時は過ぎ、私と青画さまは揃って高校を卒業した。高校での私の任務は、護衛だけでなく、変な虫がつかないように牽制し、情報を統制すること。めちゃめちゃカッコよくなられた青画さまの聖域を守るのは――――ある意味で護衛任務よりも大変でした……。
卒業後、青画さまは東京の大学へ。護衛任務は一旦終了となりました。
そして私は――――
「望月、本当に英国に行くのか?」
「はい、お祖母さまにもお会いしたいですし……もしかして寂しいんですか?」
「ああ、とても寂しい」
「あ、あのですね……普通は寂しいわけないだろって強がるものなんですよ」
もう……相変わらずの直球なんですから……。
「必ず世界一のメイドになって戻ってきます」
青画さまの専属メイドなのですから世界一が最低条件です。
そして――――護衛としても諜報員としても、誰よりも強く、優秀でなければなりません。

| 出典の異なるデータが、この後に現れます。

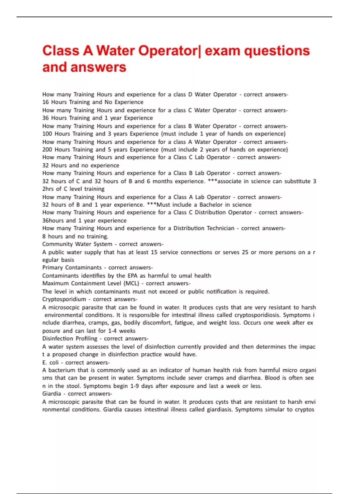 Class A Water Operator| exam questions and answersClass A Water Operator| exam questions and answersClass A Water Operator| exam questions and answersClass A Water Operator| exam questions and answersClass A Water Operator| exam questions and answersClass A Water Operator| exam questions and answers
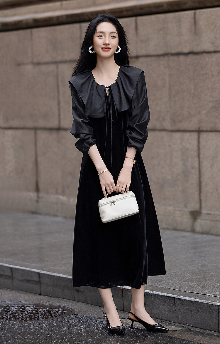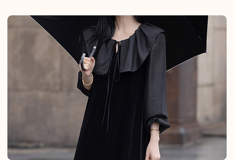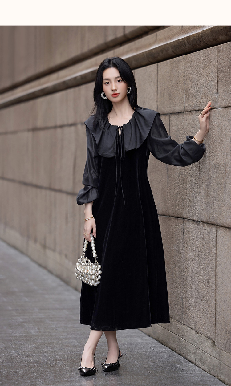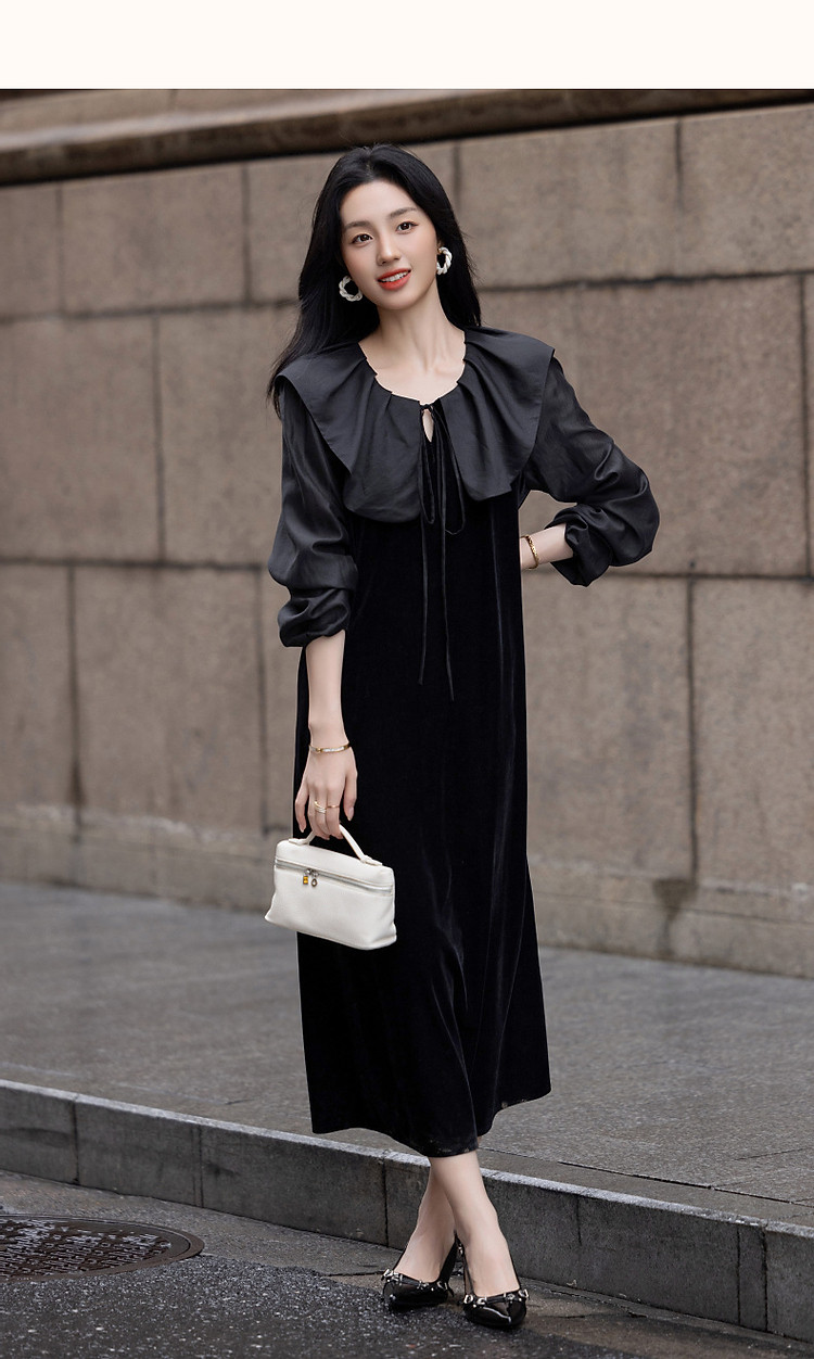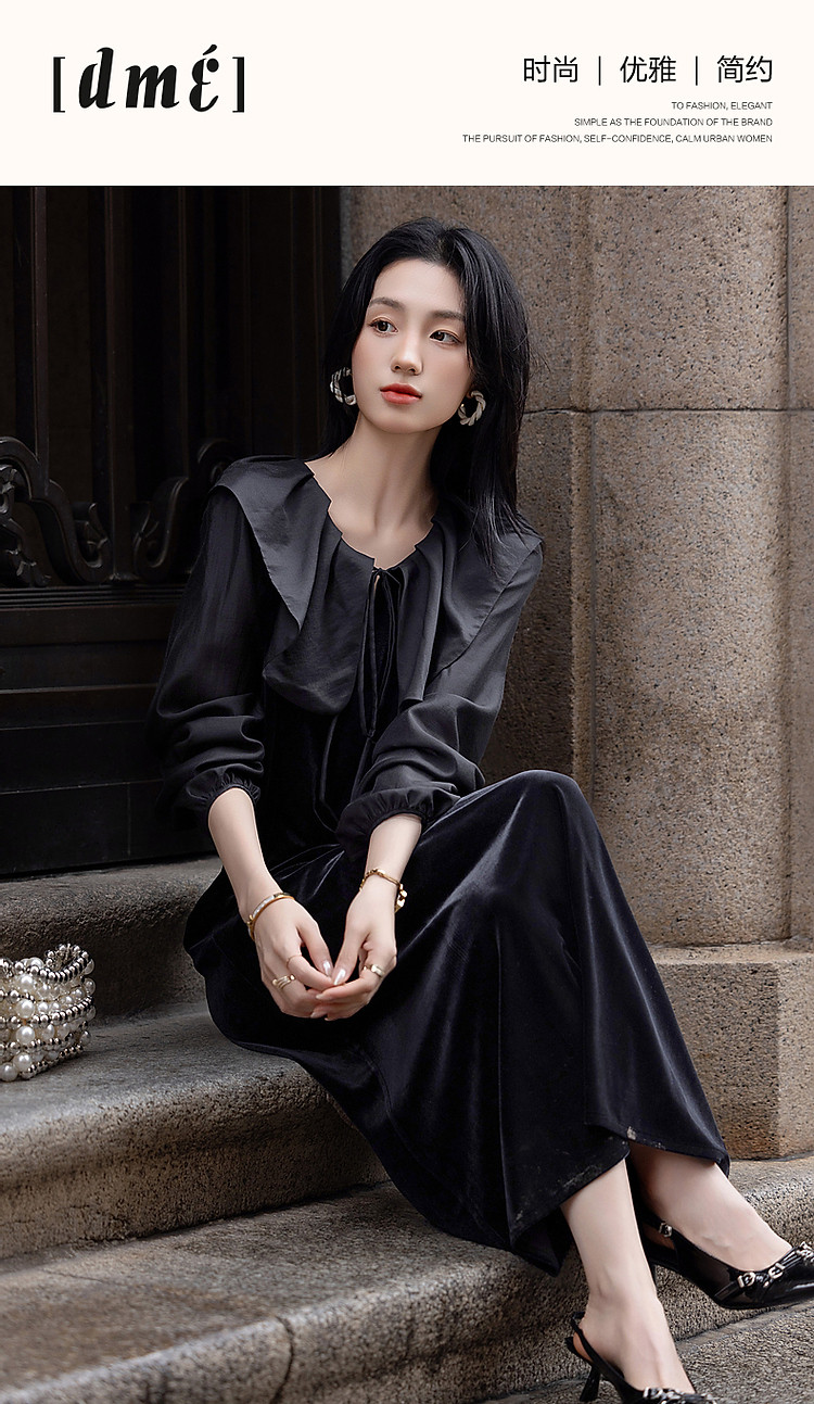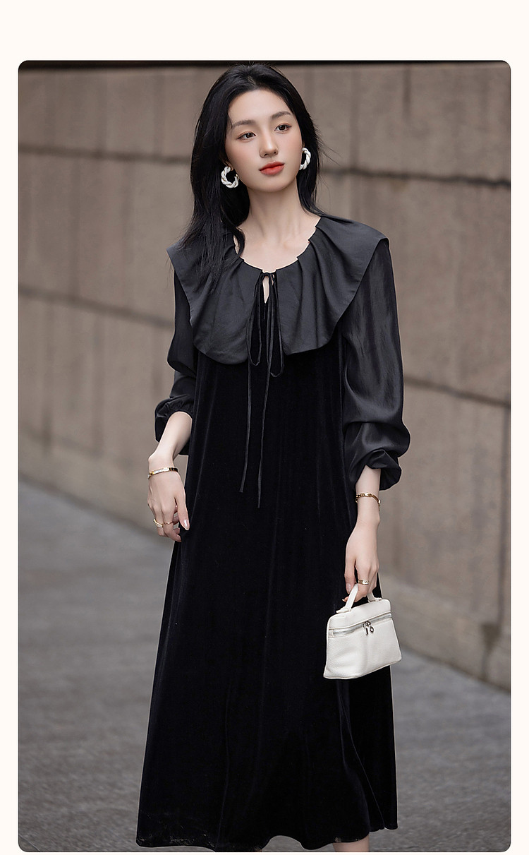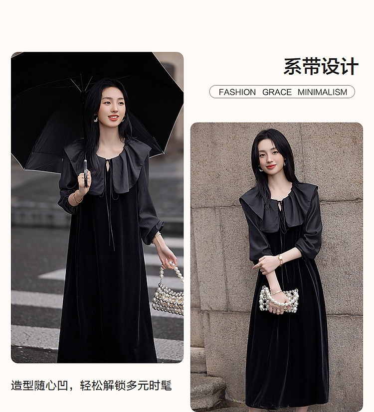商品名称:【姐系魅力】春秋法式名媛风绒感气质茶歇裙优雅系带藏肉女连衣裙 430081

青画さまと大切な家族を――――この世のあらゆる悪意や危険から守るために。
「そういえば本当に描き直さなくて良いのか?」
「はい、世界一になったらお願いします」
灰月クラリスの原点は青画さまにいただいたあの絵ですから。
灰月クラリスのもう一つ特殊な点は、青画が小学生の時に描いたイラストを使用していること。もちろん今の青画のイラストとは比べようもないけれど――――それでも素朴で味のある、心のこもったそのビジュアルだからこそ、彼女をトップVへのし上げた原動力の一つとなっている。
ちなみに朱璃は、青画のイラストに灰月クラリスと同じ衝撃を受けたからこそ、専属契約をオファーしている。そういう意味では、不思議な縁というのは存在しているのかもしれない。